评论- Further clarifications

2024-08-09

Thanks for the clarification. We agree – on one hand this is similar to how most algorithms with predictions literature uses predictions. That is, the algorithm changes its control flow deterministically based on some information extracted from the prediction. On the other hand, note that the distribution that the algorithm considers is updated from phase to phase, since we need to look at the median of the distribution conditioned on the endpoints of the current search space. So in some ways this is like the online setting mentioned by the reviewer, in that we use a “new” prediction at each step. But this is not an online problem, and our “new” prediction is just a computational transformation of the old prediction. So we completely agree that there are many similarities! But there are also important differences that only arise when considering distributional predictions.

We also agree that trying to formally understand what makes a distributional prediction better is an interesting open question. For some intuition in the binary search problem, consider the setting where the truth is multimodal (e.g. the distribution has mass of 1/(k+1) at points 0, n/k, 2n/k, …, n}, for intermediate values of k). Here a point prediction will necessarily drop a lot of information, whereas a distribution prediction will preserve the richness of the input space. This is the essence of our lower bound from Section 2.1, and we believe that this points towards what makes distributional predictions more powerful.
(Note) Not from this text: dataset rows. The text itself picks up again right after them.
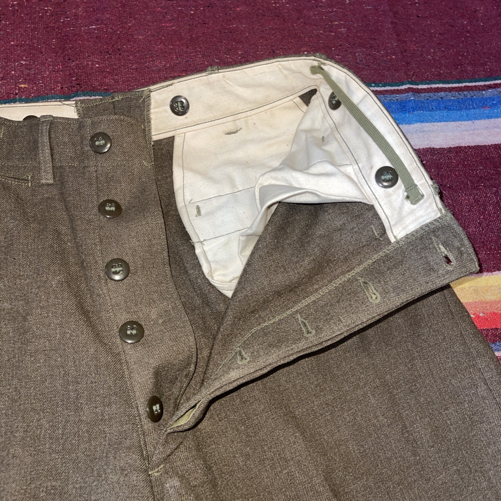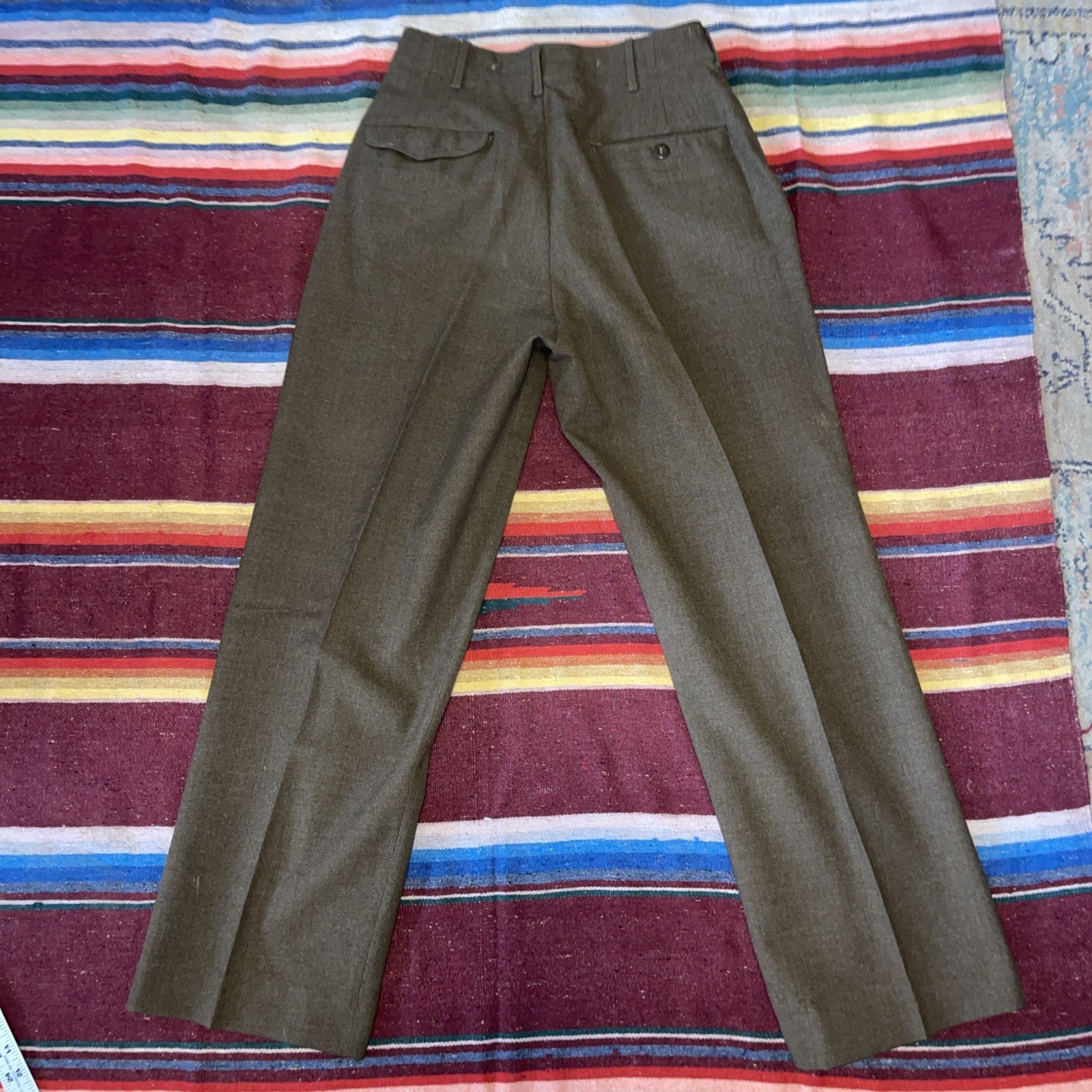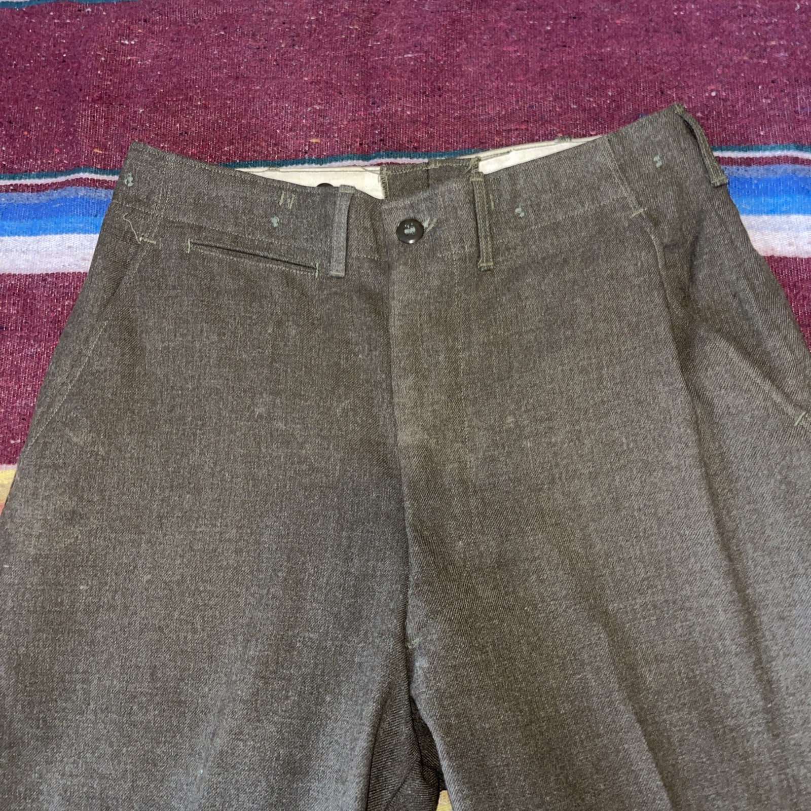 как выглядит Vintage Wool Green Military 31x31 Button Fly Pants WWII Era Pristine Condition фото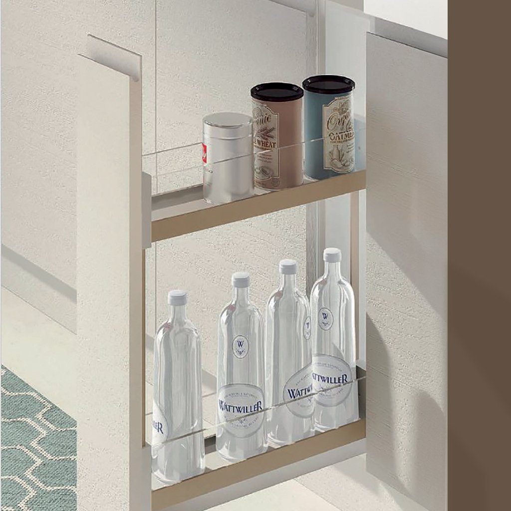 Tento model je vybavený elegantnými čírymi sklenenými bočnicami a pevným sivým rámom a držiakmi. Celovýsuv umožňuje jednoduché ovládanie, zatiaľ čo systém tlmenia zabezpečuje tiché a jemné zatváranie. Nastavenie čela je možné v 3 smeroch, čo zaručuje dokonalé prispôsobenie. Kôš je montovaný na ľavú stenu skrinky, čím optimalizuje využitie priestoru. Ideálne riešenie pre moderné a štýlové kuchyne.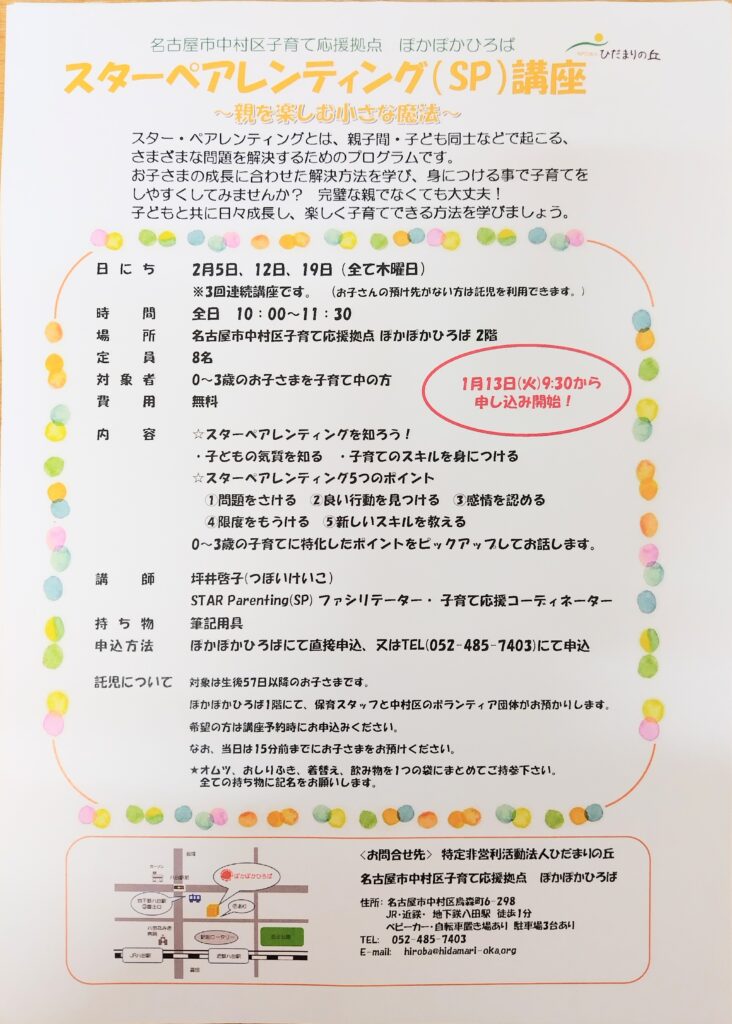 ♡ぽかぽかひろば♡ スターペアレンティング講座のお知らせ☆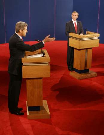 在第一次辩论中,媒体认为布什给选民留下的印象不佳,太低调、太呆板;而在第二场中,布什表情有所改善,进攻性加强,但却显得过于暴躁。在末场辩论中,布什似乎在尽量保持表情与话语的收缩自如。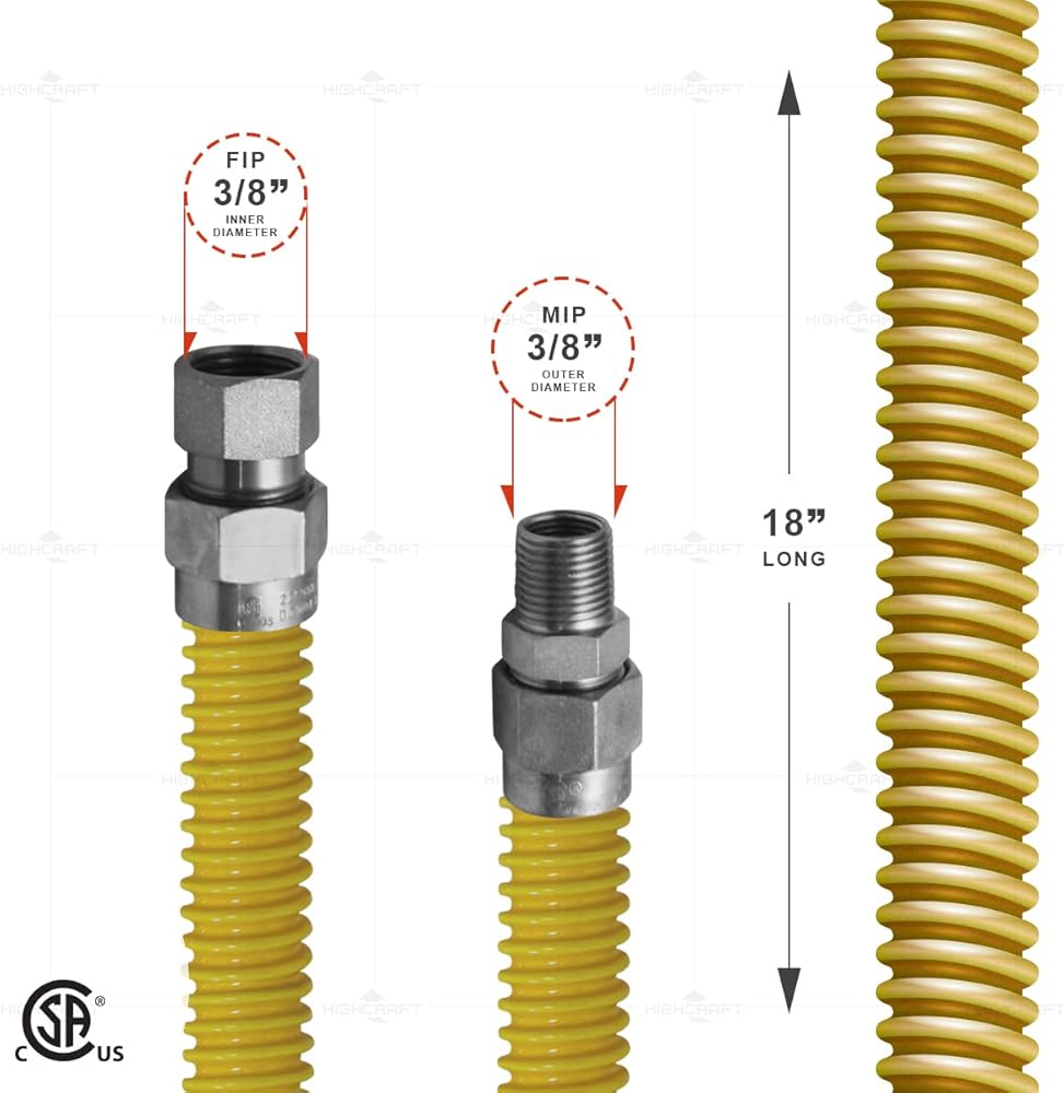 لسخان الفضاء وسجل الغاز. يتمتع خرطوم خط الغاز المصنوع من الفولاذ المقاوم للصدأ بسعة 43,800 وحدة حرارية بريطانية، وهو مصمم كموصل غاز لسخانات الفضاء/سجلات الغاز. 45.72 سم طول بقطر خارجي 3/8 بوصة وقطر داخلي 1/4 بوصة. يشتمل على تركيب من الفولاذ المقاوم للصدأ مقاس 3/8 بوصة FIP × 3/8 بوصة MIP.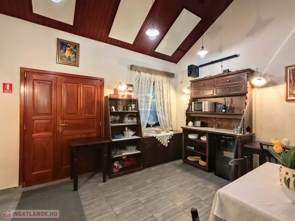 Az impozáns ingatlan tágas fogadótérrel rendelkezik, jelenleg nappali-étkezőként funkcionál ez a hatalmas tér, mely az otthon lelke is egyben. Emellett egy jól felszerelt konyha segíti a mindennapokat.

Overall, we don’t believe that distributional predictions are a silver bullet and should be used in all situations – we (again) completely agree that with the reviewer that “non-distributional learning-augmented algorithms may still hold value”, and, in fact, there are likely many settings where the non-distributional view is at least as useful as the distributional. But the simple binary search example seems to imply that in the right context, distributional predictions bring a lot of additional power. Understanding exactly which problems and contexts are a good fit for distributional predictions is a fascinating set of open questions.

审稿意见

评分: 5置信度: 52024-07-14

This paper proposes a learning-augmented algorithm for searching in a sorted array. Different from all previous learning-augmented algorithms, it takes in distributional predictions. The main result is an algorithm with query complexity $O(H(p) + \log \eta)$ , where $H(p)$ is the entropy of the true distribution and $\eta$ is the Earth Mover's distance between the true and predicted distributions. The paper also includes proofs to show the theoretical optimality and experiments to validate the practical usefulness.

优点

The paper follows the recent line of work on "learning-augmented algorithm", or "algorithm with predictions". This is a promising new direction that tries to combine the theoretical soundness of classic algorithms with the learning ability of machine learning algorithms.
The section on theoretical analysis (though the ideas are simple) is effective.
The paper includes experimental results to back up the theory. The experimental settings are diverse. The performance of the proposed algorithm is strong compared to all the baselines.

缺点

I think the presentation of the paper can be greatly improved. To list a few points:
- in line 50, the sentence "That is, the prediction is a single (potentially high-dimensional) point (or maybe a small number of such points)." is hard to read for me.
- in line 56, the sentence "Or, can we in fact do better by taking full advantage of the entire predicted distribution." should end with a question mark.
- the abusive use of the word "essentially" greatly weakens the soundness of the paper (For example, in lines 66, 70, 78 87, 88). The expression "essentially optimal" should be clarified with collaboration on complexity and constants.
I think several key works in the field of learning-augmented algorithms are missing, which makes it hard to position this paper in the correct context. For example, I think the algorithms proposed in "Learning-Augmented Binary Search Trees" by Lin et al should be at least discussed and even compared against (now, this paper is only mentioned as a very general reference for learning-augmented data structures).
It is not straightforward to me why the techniques used in the proposed algorithm are novel and not hard to come up with. I encourage the author to make a clearer point on "which components of the proposed algorithm are novel and different from existing techniques".

问题

The algorithm in [Mitzenmacher and Vassilvitskii, 2021] that searches in a sorted list with predictions receive separate predictions for each query. Is this also the case for the setting discussed in this paper?
- If so, as I understand, the proposed algorithm needs to rebuild the binary search tree every time it receives a new query along with its distributional predictions. Then, this would lower bound the time complexity to answer each query with $O(n)$ . Is that correct?
I am confused by the reference to "binary search tree" in the paper (even in the title). Does the proposed algorithm actually require building a binary search tree in its specification and implementation? Why does section 3 not contain any explanation related to the binary search tree?

局限性

Most of the limitations are discussed in the weakness section and questions section. In summary, I think the presentation of this paper is not clear enough. This creates difficulties for me to: 1. position the proposed algorithm in the context (of other recent learning augmented searching algorithms). 2. evaluate its novelty. 3. even understand its technical details (as mentioned in the questions section). If the author could provide a better explanation of the above-mentioned points, I would consider raising my score.

作者回复

2024-08-07

Thank you for the insightful comments. As the reviewer astutely observed, the bounds we claim are on query complexity, rather than running time. We apologize for conflating the two and we will make this more precise.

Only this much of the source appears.